By Martin Crutsinger, AP
Wednesday, September 29, 2010

Treasury announces sale of Citigroup shares

WASHINGTON — The government said Wednesday it is starting to sell $2.2 billion in trust preferred shares that it holds in Citigroup, another move to recoup the costs incurred in the $700 billion financial bailout.

The Treasury Department said the pace of the sales would be determined by market conditions.

The $2.2 billion in trust preferred shares were received by the government as part of Treasury’s agreement in January 2009 to share potential losses on a pool of $301 billion of assets held by Citigroup.

The loss-sharing arrangement also involved the Federal Deposit Insurance Co. and the Federal Reserve. Citigroup paid the Treasury and the FDIC a premium in the form of securities for their willingness to share potential losses over a five to 10-year period.

The loss sharing arrangement was terminated in December 2009 at the request of Citigroup. Treasury was never required to make any payments under the arrangement and has no further obligation to do so.

The sale of the trust preferred shares will be handled by a syndicate of Wall Street investment firms including BofA Merrill Lynch, J.P. Morgan, Morgan Stanley, UBS Investment Bank and Wells Fargo Securities. These firms will solicit bids for the securities and will sell off the securities based on the bids received.

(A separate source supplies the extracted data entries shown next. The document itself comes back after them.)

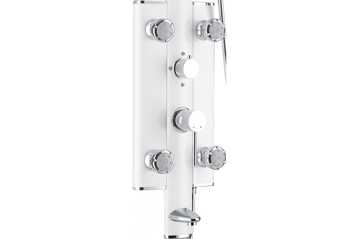 Тропический душ, ручной душ, зеркало, полочка. 4 мм, задняя стенка -белая, дверцы -..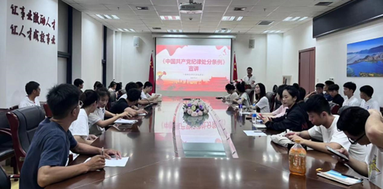 为进一步推动党纪学习教育,深入开展《中国共产党纪律处分条例》学习,营造浓厚学习氛围,beats365唯一官方网站员工党支部于2024年5月30日召开《中国共产党纪律处分条例》专题宣讲活动,邀请学院纪检委员陈龙龙进行宣讲,支部书记缪三华主持。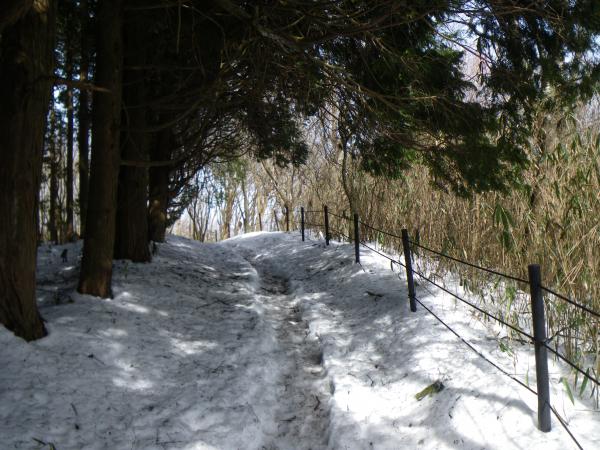 ⑯自然散策路は日当たりが悪いので、雪はたくさんあります。一部凍結でアイゼンが欲しい。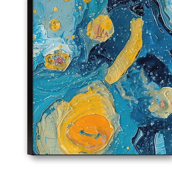 Ihre gewählte Kunst auf Leinwand, gespannt in einem Aluminiumrahmen. Schnell und einfach austauschbar für eine frische Ausstrahlung und ganz nach Ihren Wünschen.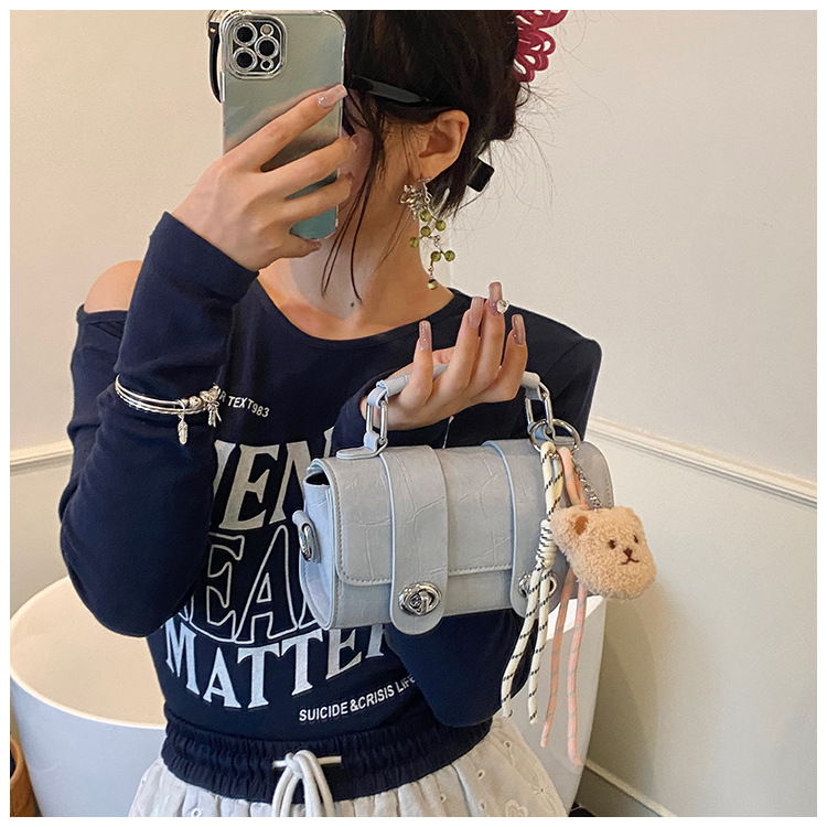 Bolso cuadrado pequeño con bloqueo de nicho coreano único extranjero para mujer 2025 nuevo bolso de hombro de tendencia salvaje bolso de mensajero de moda de estilo occidental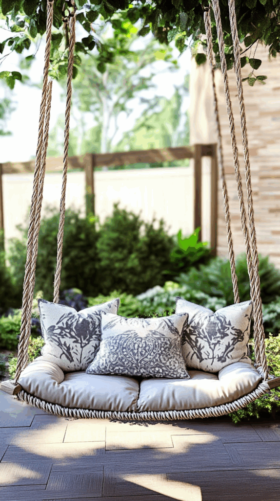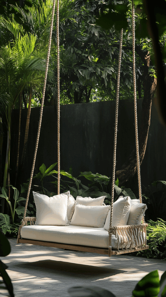 - Rope hammock swings – perfect for trees or pergolas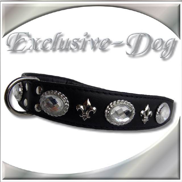 Hundehalsband Lederhalsband mit SWAROVSKI ELEMENTS - Nieten Halsband Hund für z.b. Französische Bullogge-Dobermann-Rhodesian Ridgeback Lederhalsband " SQUER "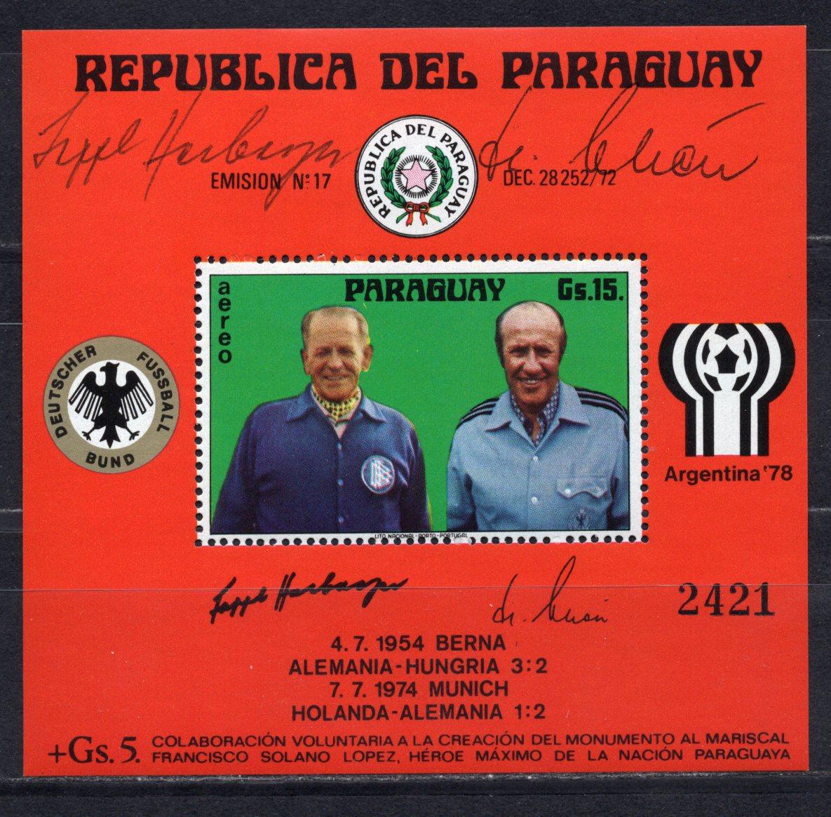 Почтовые марки. Парагвай, 1976 г. Бл. 269. Футбол. Германия. (Mi 50.0 e) ЛИЧНЫЕ АВТОГРАФЫ: Зепп Хербергер (54г.) и Гельмут Шён (74г.) RRR !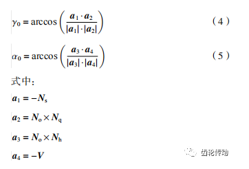 由圖 3 所示前刀面形成過程,前刀面法矢可求得為Nq = (−sin β,tan γ, cos β) ,而后刀面為理論螺旋面,其上任一點法矢Nh 也可求得。因切削平面 Ps由切削速度V 和切矢q構成,切削平面法矢Ns 可表示為:Ns = V × q , 而切矢q 同時垂直與Nq和Nh,有 q = Nq × Nh。主截面法矢No 同時垂直于Ns 和V,有No = Ns ×V。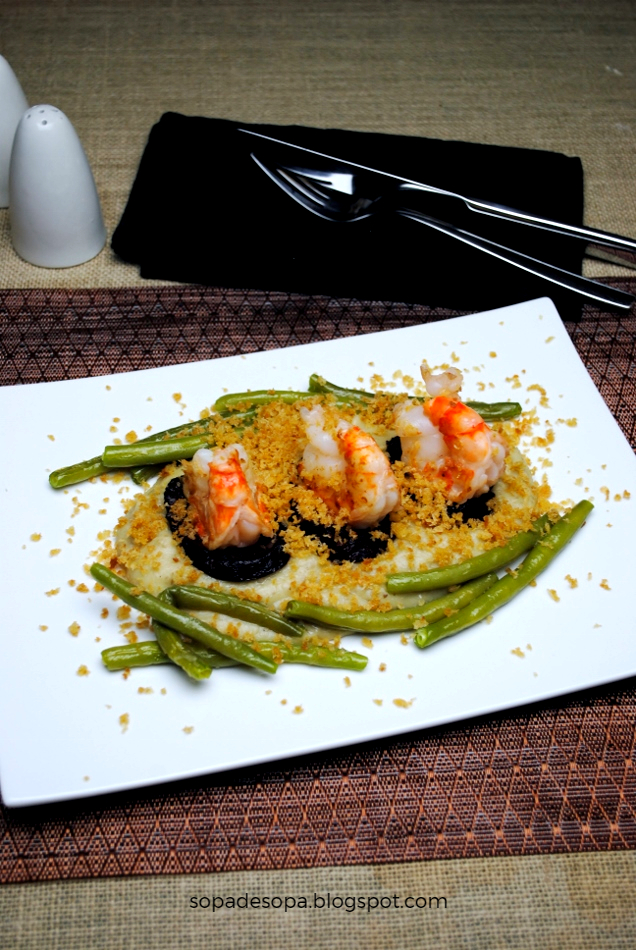 éstas los gambones. Repartir unas cuantas de judías por el alrededor y terminar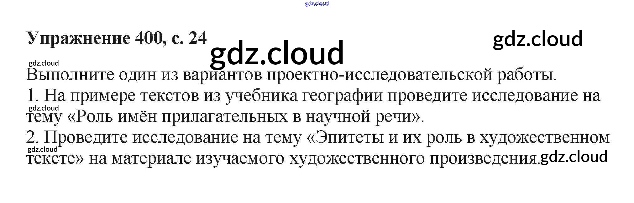 Ответ на задание 400 Учебник Русский язык за 6 (шестой) класс Баранов, Ладыженская, Тростенцова, Григорян, Кулибаба 2015, 2022 Часть 1, 2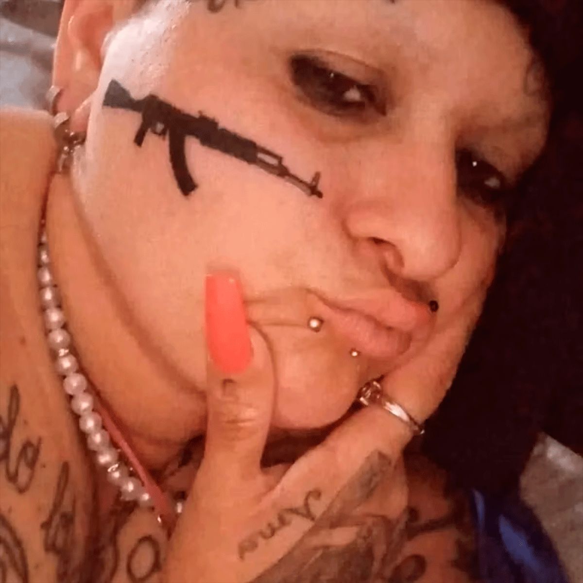 La joven oriunda de San Pedro se dibujó un rifle. Se trata del modelo AK 47, un fusil de asalto soviético, de calibre 7,62 mm, diseñado por Mijaíl Kaláshnikov en la Segunda Guerra Mundial. “Miren mis vagancias del barrio, para el mundo pintó tattoo nuevo en mi cara, al mejor estilo”, expresó contenta.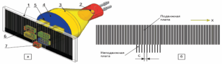 Измерительная головка датчика включает источник света, которым в отличие от лазерного интерферометра может быть любая лампа, чей свет проникает сквозь прорези малой фиксированной пластины-коллиматора, размещенной между лампой и подвижной пластиной (рис. 79а). Период прорезей и период линий подвижной пластины C согласованы (рис. 20б). Фотодетекторы, размещенные с другой стороны стеклянной пластины, определяют светопередачу устройства.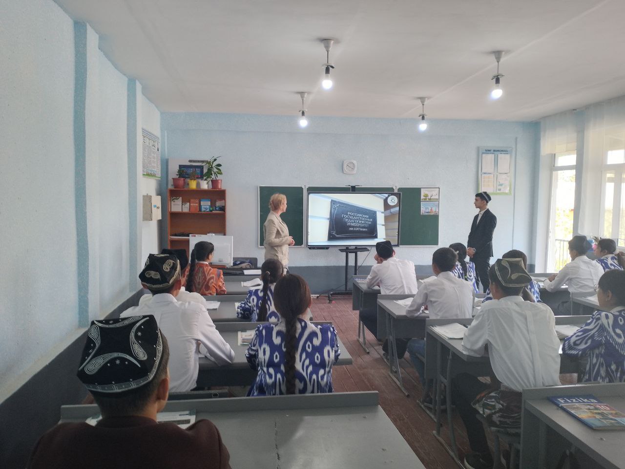В рамках визита состоялась встреча с директором школы и учащимися трёх классов: 10 «А», 9 «А» и 6 «А». Для старшеклассников методист провела презентацию «Педагог – инженер человеческих душ», дополненную видеоматериалами о педагогических вузах России и Узбекистана. После выступления развернулась оживлённая дискуссия: школьники активно задавали вопросы и делились планами поступления в вузы, рассказывали о своих профессиональных устремлениях. Особенно интересным стал разговор о том, кто из ребят планирует связать свою жизнь с педагогической деятельностью.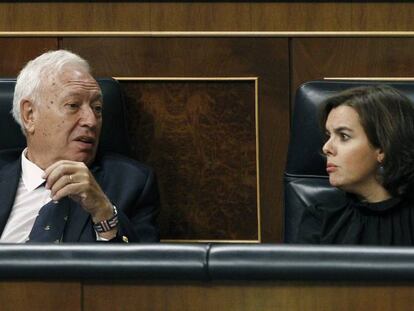 La vicepresidenta del Gobierno en funciones, Soraya Sáenz de Santamaría, y el ministro de Exteriores, José Manuel García-Margallo comparecen ante los medios tras la reunión del Gabinete, que ha dado luz verde a las subvenciones para paliar los daños del terremoto de Melilla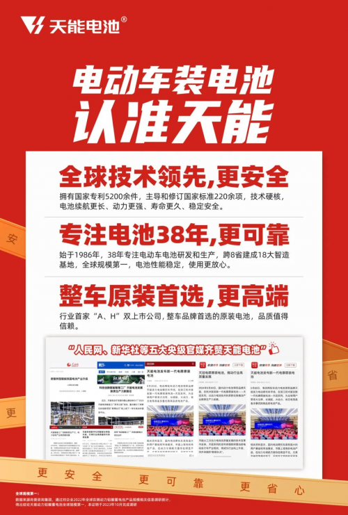 天能率先开发高性能铅碳电池绿色制造关键技术,自主研发微纳级铅碳复合先进电极材料,通过微纳铅碳关键技术有效减少电池内阻,大幅提升电池使用安全;率先将阻燃ABS材料应用到电池塑壳,电池难燃性达到UL94防火标准,击碎电池鼓包问题;率先应用数字技术和人工智能等先进科技,实现电池全周期在线监控充电,电池一致性高达99.92%,电池更具安全可靠性……天能坚定守护4亿电动车用户出行安全。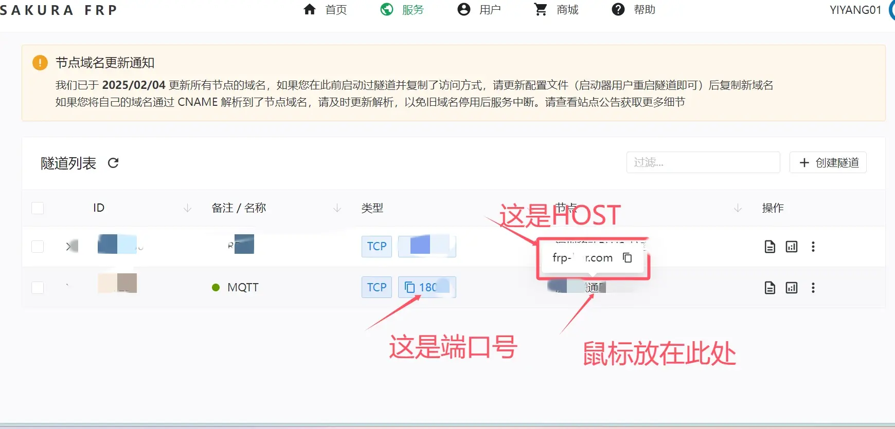3️⃣ 📝记住生成的隧道域名(HOST)和端口号(后续要用!)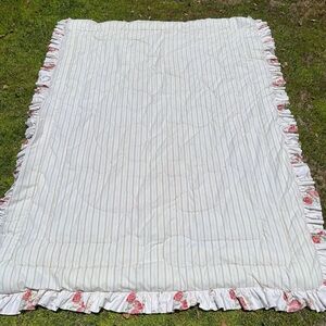 Vintage Laura Ashley Ruffled Reversible Twin Size Comforter. Pink Cottage Rose Floral on one side and Pink and Green stripes on the other. 4” ruffles on 3 sides. Thick batting and quilting, making this a nice weight, fluffy comforter. Made in USA, 90s era. This is a hard-to-find pattern! Beautiful cottage, country nostalgia!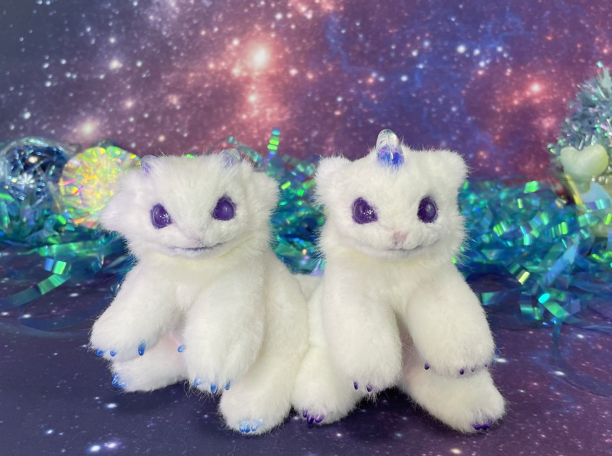 🌌宇宙猫🐈 あの子、魔法雑貨店のビン入り銀河を飲み込んじゃったんだって…! 身体を巡る銀河の影響で目も耳も肉球も、体全体がキラッキラ! 左目を覗けば、今日も銀河が平和に回っているのが分かります🌌 #Fluff_mate #アートドール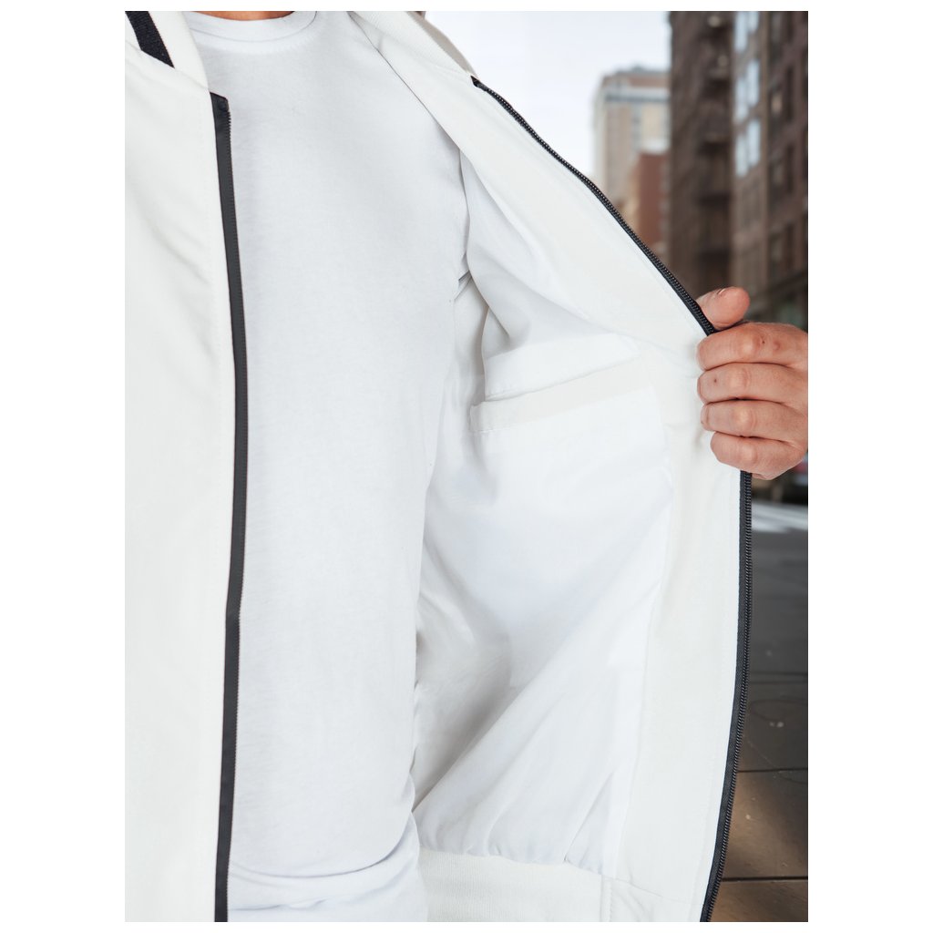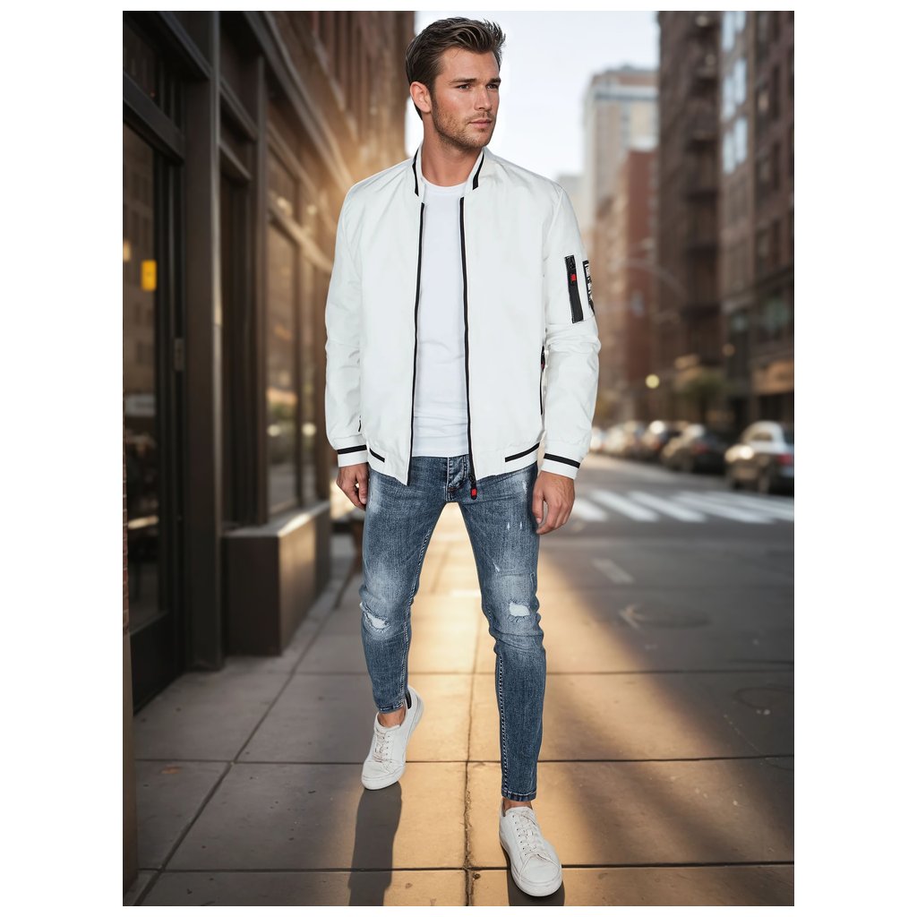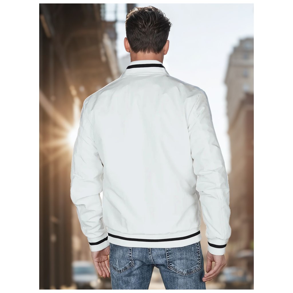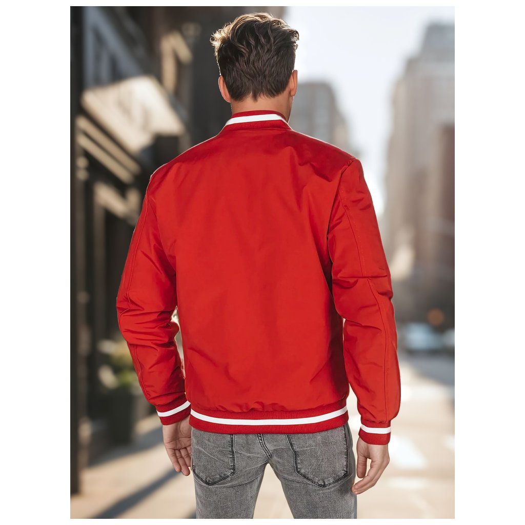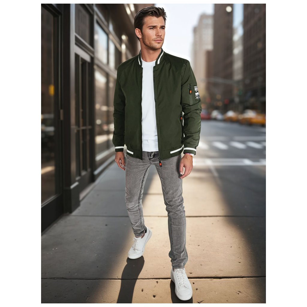 Ľahká pánska bomber bunda, ideálna pre prechodné obdobia. Tento model má zapínanie na zips po celej dĺžke, nemá kapucňu a má elastické manžety na rukávoch a leme. Má tri vonkajšie vrecká a jedno vnútorné vrecko. Decentné polstrovanie zvyšuje pohodlie. Ideálna pre mestský štýl.

The sale of the Citigroup trust preferred securities is being handled separately from the sale of $25 billion in Citigroup common stock that the government owns.

Citigroup received $45 billion in taxpayer support in one of the largest bank rescues by the government in addition to the insurance provided against losses on the pool of $301 billion in assets.

Of the $45 billion, $24 billion was converted to a government ownership stake which the government has been selling off last spring. The bank repaid the other $20 billion in December 2009.

The government bailout of banks, auto companies and insurance giant American International Group Inc. have drawn heavy criticism. Many charge the Wall Street firms that helped lead the country into recession are now reaping big profits while ordinary Americans are continuing to struggle with high unemployment, soaring home foreclosures and a weak economy.